Below trend growth to continue
Household income and construction drag.
GDP recorded another quarter of weak growth, lifting a modest 0.2% q/q and resulting in through the year growth of 2.3% in 2018. It is clear that growth in H2 2018 slowed significantly from the pace seen in H1 2018 – growth annualised at only 0.9% in H2 2018. Even with faster momentum through 2019, growth is unlikely to reach the 3.0% rate expected by the RBA over 2019. NAB’s forecast is for the RBA to keep rates on hold for the foreseeable future, though we have signalled increased risk of a rate cut. Any significant deterioration in the labour market would likely see a series of cuts by the RBA. We will review today’s data and next week’s NAB Business Survey before releasing updated forecasts next week.
The soft results of recent quarters reflect a combination of the downturn in housing, continuing relatively slow income growth (though this has improved a little) and the tail end of the wind down in mining investment.

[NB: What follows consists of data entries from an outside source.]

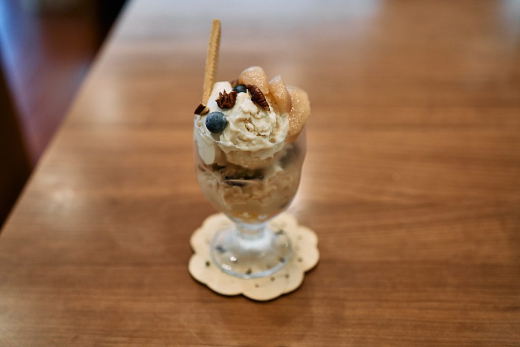 桃のコンポートとメープルクッキーの下に、甘麹アイス、パンケーキ、フレーク、プリン桃のゼリー等が層になっていて女子にはたまらない見た目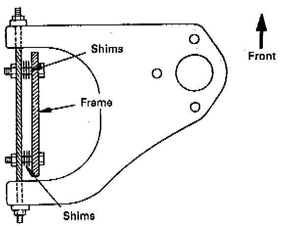 CAUTION: Left and right side to be equal within 1/3.The caster angle can be adjusted by means of the caster shims installed between the chassis frame and fulcrum pins. Tighten the fulcrum pin bolt to the specified torque 152 Nm (112 ft. lbs.).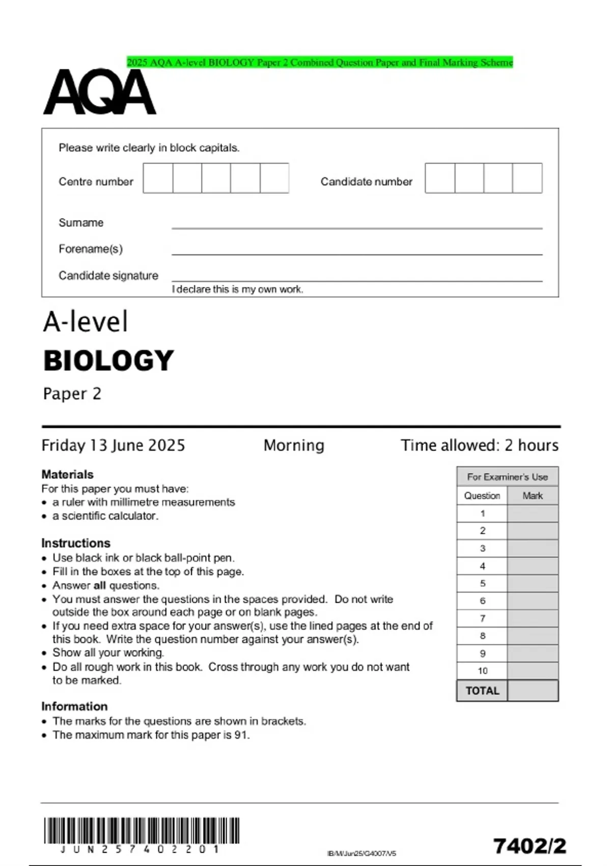 2025 AQA A-level BIOLOGY Paper 2 Combined Question Paper and Final Marking Scheme

On the expenditure side, the weakness in the quarter was largely a result of soft consumption growth, a sizable fall in dwelling investment and weaker-than-expected growth in business investment. Growth was supported by a solid contribution from underlying public demand, driven by ongoing growth in government consumption – likely NDIS related; government investment fell in the quarter. Both the income and production measures of GDP saw weaker prints in the quarter and have tracked substantially below the expenditure measure over the year. Of note, the farm sector continued to show weakness, again falling in the quarter from the ongoing effects of the drought. Price and wage measures remain muted and despite a small lift in unit labour costs growth, overall inflationary pressures remain muted.